### Task objective:
Within the entries below, please return exactly the lines from the one with "Outsunny Casetta da" through the one with "Ez az ipari", leaving out any pictures.

Extracted records
══════════════════════════════

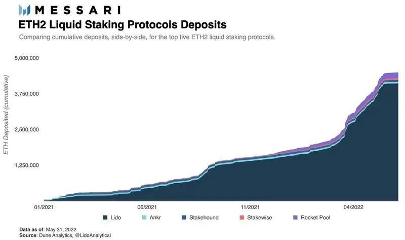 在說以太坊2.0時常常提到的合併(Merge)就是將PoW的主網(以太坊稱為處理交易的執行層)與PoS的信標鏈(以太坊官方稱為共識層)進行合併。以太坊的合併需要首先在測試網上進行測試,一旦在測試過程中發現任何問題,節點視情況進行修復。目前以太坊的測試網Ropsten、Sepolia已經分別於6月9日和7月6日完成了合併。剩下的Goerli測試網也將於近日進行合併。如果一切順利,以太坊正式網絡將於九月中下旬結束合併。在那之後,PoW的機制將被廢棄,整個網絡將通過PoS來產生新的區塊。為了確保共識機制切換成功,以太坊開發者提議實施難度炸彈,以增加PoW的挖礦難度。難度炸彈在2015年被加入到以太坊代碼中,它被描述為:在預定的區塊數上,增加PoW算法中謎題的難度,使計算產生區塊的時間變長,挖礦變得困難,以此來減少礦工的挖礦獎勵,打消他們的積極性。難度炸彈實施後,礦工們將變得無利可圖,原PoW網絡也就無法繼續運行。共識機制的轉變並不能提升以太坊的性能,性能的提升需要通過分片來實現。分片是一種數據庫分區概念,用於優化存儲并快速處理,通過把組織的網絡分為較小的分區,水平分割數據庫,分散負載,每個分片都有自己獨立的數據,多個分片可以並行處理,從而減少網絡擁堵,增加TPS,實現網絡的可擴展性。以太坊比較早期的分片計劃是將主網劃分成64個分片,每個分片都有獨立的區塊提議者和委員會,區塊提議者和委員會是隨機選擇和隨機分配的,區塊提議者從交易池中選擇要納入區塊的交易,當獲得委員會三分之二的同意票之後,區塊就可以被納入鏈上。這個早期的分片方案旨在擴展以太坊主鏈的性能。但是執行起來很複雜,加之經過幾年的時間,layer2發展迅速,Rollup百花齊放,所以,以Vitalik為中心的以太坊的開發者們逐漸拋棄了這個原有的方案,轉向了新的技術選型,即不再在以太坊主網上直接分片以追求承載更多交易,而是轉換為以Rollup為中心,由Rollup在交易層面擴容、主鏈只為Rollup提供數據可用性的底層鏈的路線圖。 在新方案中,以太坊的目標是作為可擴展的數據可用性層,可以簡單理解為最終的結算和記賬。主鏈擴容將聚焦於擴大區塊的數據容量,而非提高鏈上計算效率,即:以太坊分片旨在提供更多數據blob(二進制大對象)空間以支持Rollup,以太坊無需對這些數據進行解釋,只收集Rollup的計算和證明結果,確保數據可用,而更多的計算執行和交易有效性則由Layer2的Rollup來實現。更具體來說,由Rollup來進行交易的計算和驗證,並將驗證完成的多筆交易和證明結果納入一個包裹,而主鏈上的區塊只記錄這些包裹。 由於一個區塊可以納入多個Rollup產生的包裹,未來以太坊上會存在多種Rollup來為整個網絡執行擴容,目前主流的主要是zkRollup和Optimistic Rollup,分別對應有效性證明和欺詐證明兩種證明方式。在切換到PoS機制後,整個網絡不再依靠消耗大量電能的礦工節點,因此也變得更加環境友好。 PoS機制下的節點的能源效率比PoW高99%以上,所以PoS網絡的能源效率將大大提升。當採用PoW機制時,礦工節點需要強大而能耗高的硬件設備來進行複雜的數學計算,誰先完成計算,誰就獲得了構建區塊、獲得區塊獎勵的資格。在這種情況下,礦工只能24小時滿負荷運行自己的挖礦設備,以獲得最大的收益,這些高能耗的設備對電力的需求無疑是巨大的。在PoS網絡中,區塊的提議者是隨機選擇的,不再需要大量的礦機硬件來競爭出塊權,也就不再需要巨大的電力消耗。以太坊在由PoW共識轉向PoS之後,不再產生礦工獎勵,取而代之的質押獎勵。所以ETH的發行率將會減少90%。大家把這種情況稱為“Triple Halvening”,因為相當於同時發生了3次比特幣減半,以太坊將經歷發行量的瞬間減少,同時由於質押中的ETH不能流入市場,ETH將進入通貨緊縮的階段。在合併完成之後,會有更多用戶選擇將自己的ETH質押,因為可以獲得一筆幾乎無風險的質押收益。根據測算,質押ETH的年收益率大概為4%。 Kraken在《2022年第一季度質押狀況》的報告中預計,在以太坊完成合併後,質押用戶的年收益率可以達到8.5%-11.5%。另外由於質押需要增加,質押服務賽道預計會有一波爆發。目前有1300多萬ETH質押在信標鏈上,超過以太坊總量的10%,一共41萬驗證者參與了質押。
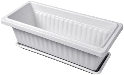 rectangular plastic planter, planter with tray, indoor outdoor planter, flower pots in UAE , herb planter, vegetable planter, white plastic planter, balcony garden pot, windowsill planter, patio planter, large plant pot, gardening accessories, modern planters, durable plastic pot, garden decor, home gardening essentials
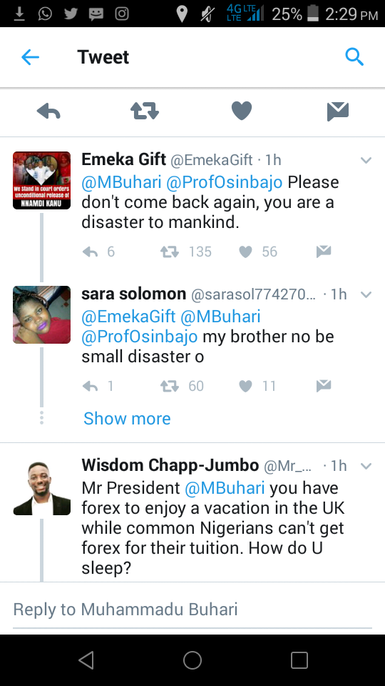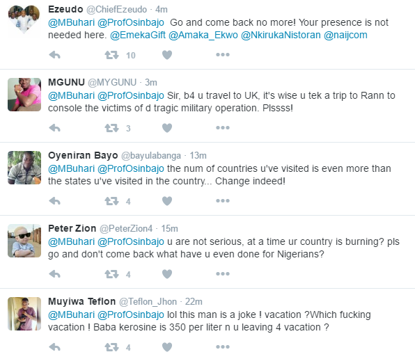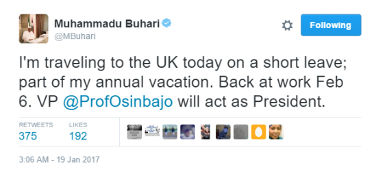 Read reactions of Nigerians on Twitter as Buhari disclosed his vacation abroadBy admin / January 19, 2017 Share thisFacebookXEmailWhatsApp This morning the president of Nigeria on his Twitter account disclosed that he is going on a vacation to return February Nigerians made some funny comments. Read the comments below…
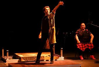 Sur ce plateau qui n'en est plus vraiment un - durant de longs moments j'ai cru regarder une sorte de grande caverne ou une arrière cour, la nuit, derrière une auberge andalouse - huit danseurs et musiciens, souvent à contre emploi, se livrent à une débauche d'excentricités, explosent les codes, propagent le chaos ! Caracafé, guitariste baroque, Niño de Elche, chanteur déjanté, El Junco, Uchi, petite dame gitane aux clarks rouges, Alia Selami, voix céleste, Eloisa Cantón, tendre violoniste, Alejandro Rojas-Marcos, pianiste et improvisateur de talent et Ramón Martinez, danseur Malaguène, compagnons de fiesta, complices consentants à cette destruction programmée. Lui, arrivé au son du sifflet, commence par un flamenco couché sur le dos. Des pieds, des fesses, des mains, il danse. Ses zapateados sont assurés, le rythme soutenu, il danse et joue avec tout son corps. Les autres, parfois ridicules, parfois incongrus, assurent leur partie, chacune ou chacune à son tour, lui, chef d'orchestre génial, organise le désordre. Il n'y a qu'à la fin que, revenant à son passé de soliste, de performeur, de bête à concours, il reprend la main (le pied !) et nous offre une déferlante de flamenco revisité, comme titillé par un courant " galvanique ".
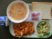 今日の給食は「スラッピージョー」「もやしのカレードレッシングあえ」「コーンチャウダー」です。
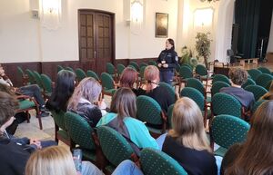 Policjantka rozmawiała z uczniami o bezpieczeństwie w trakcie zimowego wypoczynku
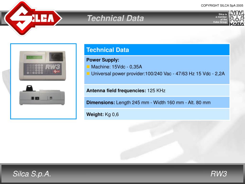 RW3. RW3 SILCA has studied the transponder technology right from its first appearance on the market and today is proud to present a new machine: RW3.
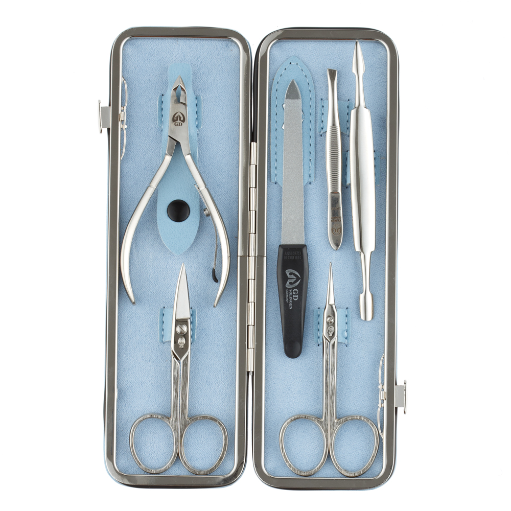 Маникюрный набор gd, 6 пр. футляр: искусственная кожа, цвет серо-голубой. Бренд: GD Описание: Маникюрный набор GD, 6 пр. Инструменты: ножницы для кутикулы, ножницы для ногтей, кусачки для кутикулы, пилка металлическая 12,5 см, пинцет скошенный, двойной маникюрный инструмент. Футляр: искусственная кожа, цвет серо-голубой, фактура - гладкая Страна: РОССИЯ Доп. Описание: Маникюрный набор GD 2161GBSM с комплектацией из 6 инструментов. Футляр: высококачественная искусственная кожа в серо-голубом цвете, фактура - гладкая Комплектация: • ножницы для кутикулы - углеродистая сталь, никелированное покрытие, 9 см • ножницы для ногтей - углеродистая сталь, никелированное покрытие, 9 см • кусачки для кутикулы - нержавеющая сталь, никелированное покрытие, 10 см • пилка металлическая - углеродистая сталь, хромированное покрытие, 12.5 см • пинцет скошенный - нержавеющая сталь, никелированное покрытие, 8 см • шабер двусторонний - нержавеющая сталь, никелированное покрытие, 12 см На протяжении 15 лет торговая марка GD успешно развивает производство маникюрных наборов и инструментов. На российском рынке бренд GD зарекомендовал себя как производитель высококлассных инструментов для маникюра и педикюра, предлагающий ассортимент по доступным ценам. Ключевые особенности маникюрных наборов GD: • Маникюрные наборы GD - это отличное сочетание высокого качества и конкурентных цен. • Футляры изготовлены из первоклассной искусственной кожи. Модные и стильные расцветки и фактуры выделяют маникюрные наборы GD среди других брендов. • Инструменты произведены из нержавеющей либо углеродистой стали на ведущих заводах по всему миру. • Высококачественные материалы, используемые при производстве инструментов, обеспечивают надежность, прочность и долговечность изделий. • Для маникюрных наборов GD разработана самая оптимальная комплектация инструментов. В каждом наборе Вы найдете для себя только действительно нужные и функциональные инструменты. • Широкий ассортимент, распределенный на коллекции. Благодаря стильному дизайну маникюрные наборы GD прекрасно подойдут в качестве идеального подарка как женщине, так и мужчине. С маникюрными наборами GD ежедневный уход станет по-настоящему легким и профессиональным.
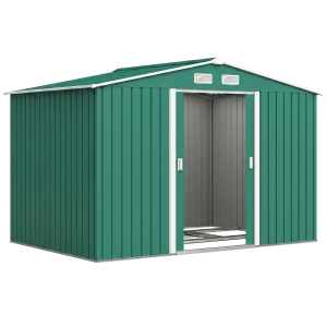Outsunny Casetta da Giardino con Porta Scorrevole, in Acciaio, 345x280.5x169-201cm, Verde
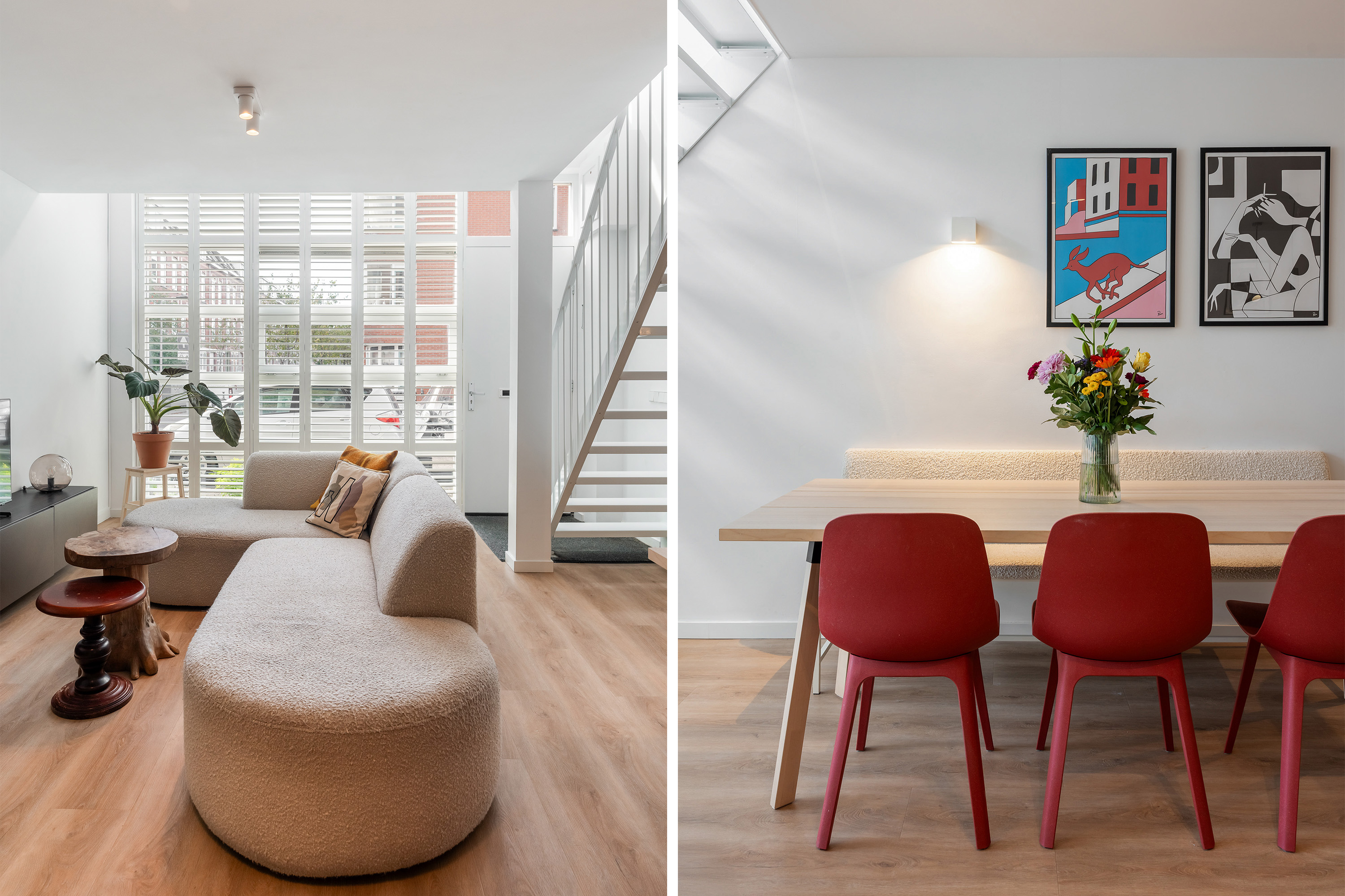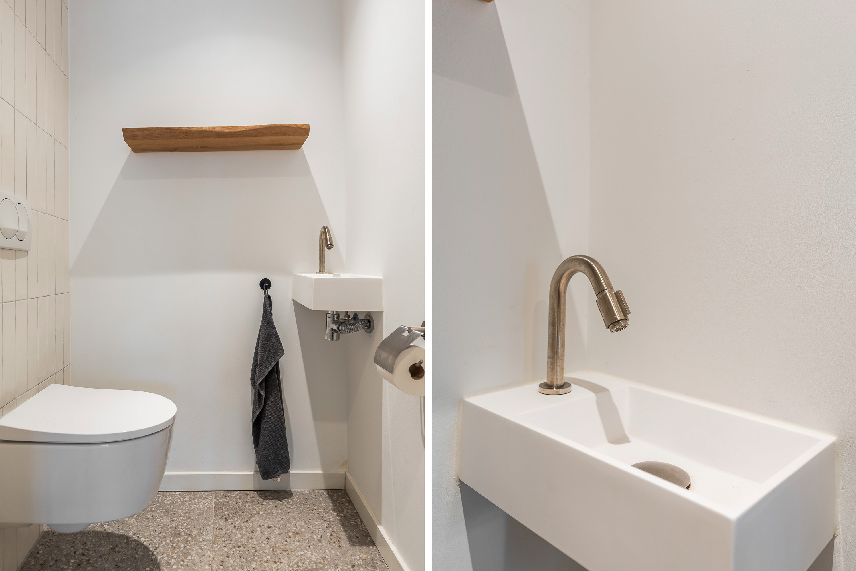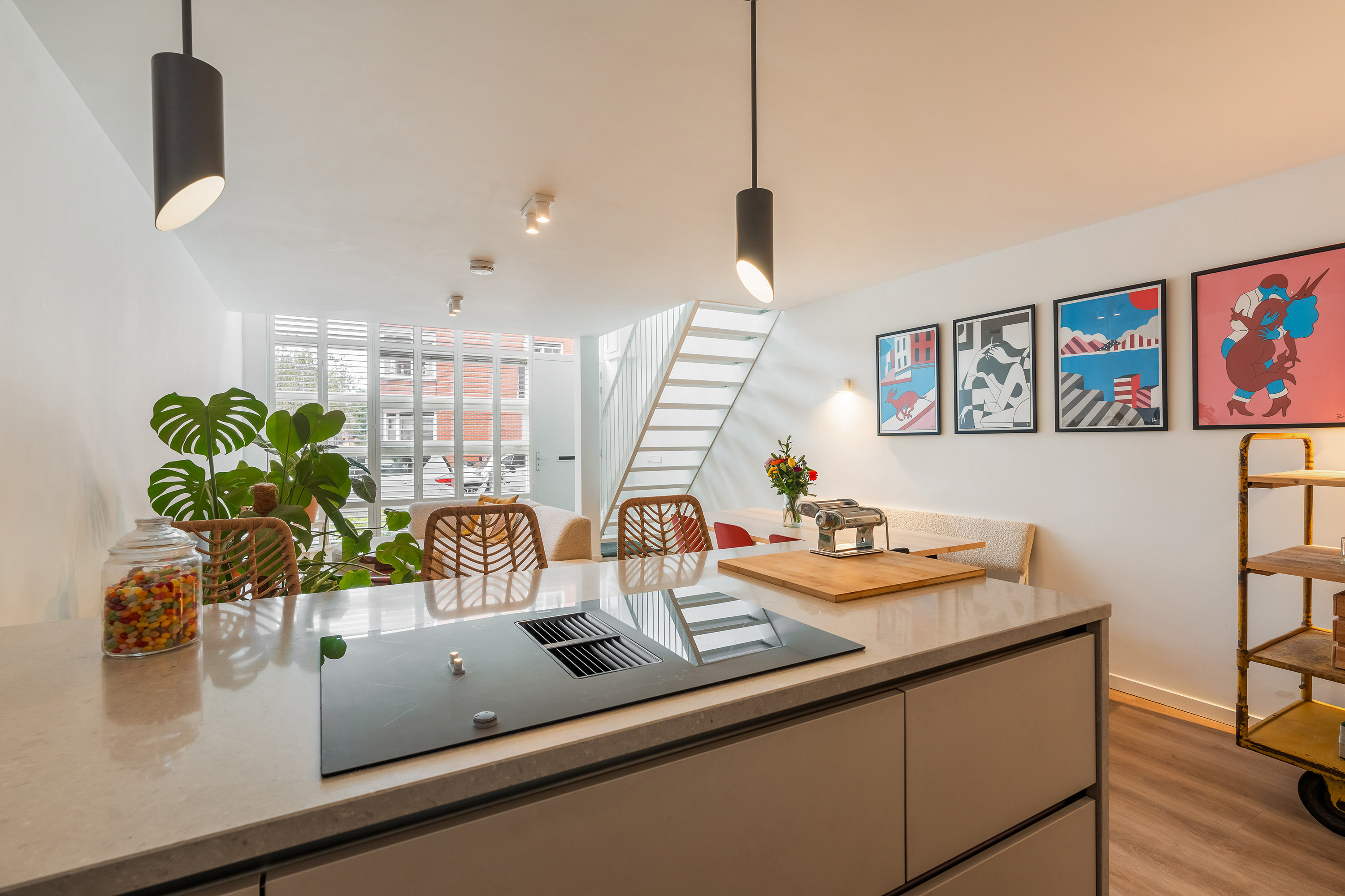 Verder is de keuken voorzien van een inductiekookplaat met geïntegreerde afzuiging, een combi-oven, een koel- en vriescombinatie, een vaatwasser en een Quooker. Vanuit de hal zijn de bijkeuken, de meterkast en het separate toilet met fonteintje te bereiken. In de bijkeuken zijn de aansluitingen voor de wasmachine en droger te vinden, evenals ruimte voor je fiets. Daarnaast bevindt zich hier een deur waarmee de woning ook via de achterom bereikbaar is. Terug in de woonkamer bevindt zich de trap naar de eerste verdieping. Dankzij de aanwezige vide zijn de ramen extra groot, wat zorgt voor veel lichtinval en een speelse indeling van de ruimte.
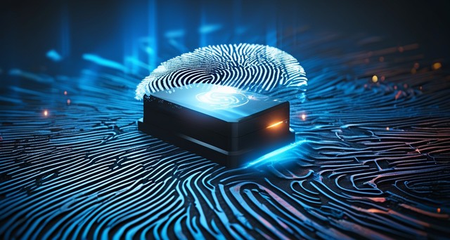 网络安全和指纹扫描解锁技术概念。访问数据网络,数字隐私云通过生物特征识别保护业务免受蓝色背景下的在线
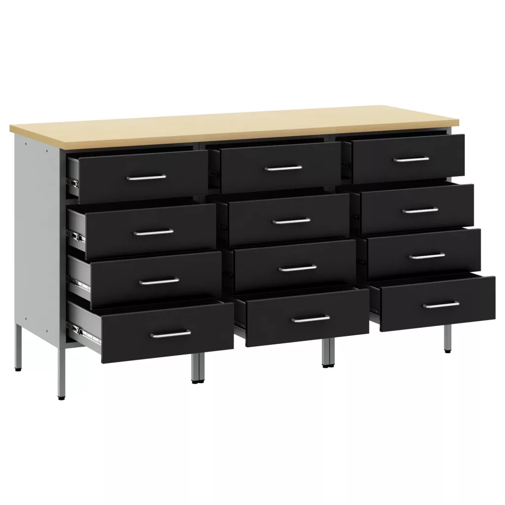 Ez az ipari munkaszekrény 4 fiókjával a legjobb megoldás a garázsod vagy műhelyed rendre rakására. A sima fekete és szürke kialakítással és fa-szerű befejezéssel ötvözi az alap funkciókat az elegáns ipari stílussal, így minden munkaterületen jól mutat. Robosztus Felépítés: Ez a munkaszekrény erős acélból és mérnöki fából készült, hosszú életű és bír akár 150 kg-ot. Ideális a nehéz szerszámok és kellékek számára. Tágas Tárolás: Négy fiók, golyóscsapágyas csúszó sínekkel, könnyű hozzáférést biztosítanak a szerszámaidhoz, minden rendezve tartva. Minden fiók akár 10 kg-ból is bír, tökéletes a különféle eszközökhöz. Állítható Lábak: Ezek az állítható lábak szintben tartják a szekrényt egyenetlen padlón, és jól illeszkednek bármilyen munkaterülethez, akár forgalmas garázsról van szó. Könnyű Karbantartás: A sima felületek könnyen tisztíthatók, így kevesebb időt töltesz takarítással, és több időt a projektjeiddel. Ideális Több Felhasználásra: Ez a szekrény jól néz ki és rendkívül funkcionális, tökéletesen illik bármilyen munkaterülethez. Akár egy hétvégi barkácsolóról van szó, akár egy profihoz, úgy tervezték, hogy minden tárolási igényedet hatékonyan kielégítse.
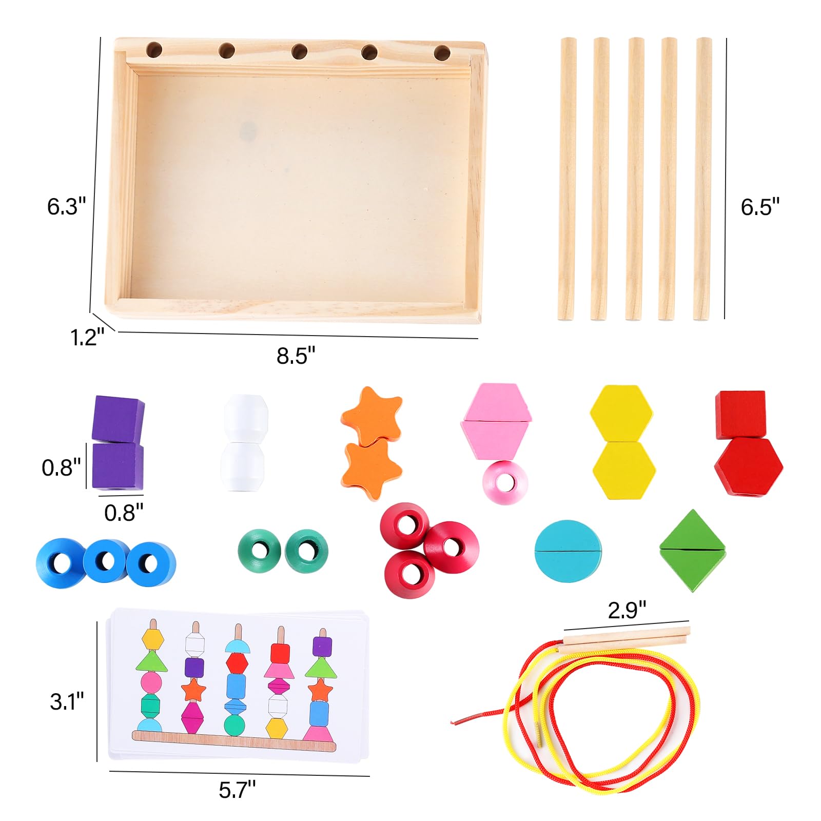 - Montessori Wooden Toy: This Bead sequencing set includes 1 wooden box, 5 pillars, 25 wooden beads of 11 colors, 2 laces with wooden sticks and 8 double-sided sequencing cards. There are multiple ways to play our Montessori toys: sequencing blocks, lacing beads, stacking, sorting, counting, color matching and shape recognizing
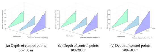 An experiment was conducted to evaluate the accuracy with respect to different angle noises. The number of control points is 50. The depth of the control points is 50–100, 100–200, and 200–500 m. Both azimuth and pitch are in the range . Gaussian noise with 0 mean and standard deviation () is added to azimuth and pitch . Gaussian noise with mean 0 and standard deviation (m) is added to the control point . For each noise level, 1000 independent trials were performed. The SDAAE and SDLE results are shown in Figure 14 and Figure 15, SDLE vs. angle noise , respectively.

══════════════════════════════

### Problem solution:
Outsunny Casetta da Giardino con Porta Scorrevole, in Acciaio, 345x280.5x169-201cm, Verde
 Verder is de keuken voorzien van een inductiekookplaat met geïntegreerde afzuiging, een combi-oven, een koel- en vriescombinatie, een vaatwasser en een Quooker. Vanuit de hal zijn de bijkeuken, de meterkast en het separate toilet met fonteintje te bereiken. In de bijkeuken zijn de aansluitingen voor de wasmachine en droger te vinden, evenals ruimte voor je fiets. Daarnaast bevindt zich hier een deur waarmee de woning ook via de achterom bereikbaar is. Terug in de woonkamer bevindt zich de trap naar de eerste verdieping. Dankzij de aanwezige vide zijn de ramen extra groot, wat zorgt voor veel lichtinval en een speelse indeling van de ruimte.
 网络安全和指纹扫描解锁技术概念。访问数据网络,数字隐私云通过生物特征识别保护业务免受蓝色背景下的在线
 Ez az ipari munkaszekrény 4 fiókjával a legjobb megoldás a garázsod vagy műhelyed rendre rakására. A sima fekete és szürke kialakítással és fa-szerű befejezéssel ötvözi az alap funkciókat az elegáns ipari stílussal, így minden munkaterületen jól mutat. Robosztus Felépítés: Ez a munkaszekrény erős acélból és mérnöki fából készült, hosszú életű és bír akár 150 kg-ot. Ideális a nehéz szerszámok és kellékek számára. Tágas Tárolás: Négy fiók, golyóscsapágyas csúszó sínekkel, könnyű hozzáférést biztosítanak a szerszámaidhoz, minden rendezve tartva. Minden fiók akár 10 kg-ból is bír, tökéletes a különféle eszközökhöz. Állítható Lábak: Ezek az állítható lábak szintben tartják a szekrényt egyenetlen padlón, és jól illeszkednek bármilyen munkaterülethez, akár forgalmas garázsról van szó. Könnyű Karbantartás: A sima felületek könnyen tisztíthatók, így kevesebb időt töltesz takarítással, és több időt a projektjeiddel. Ideális Több Felhasználásra: Ez a szekrény jól néz ki és rendkívül funkcionális, tökéletesen illik bármilyen munkaterülethez. Akár egy hétvégi barkácsolóról van szó, akár egy profihoz, úgy tervezték, hogy minden tárolási igényedet hatékonyan kielégítse.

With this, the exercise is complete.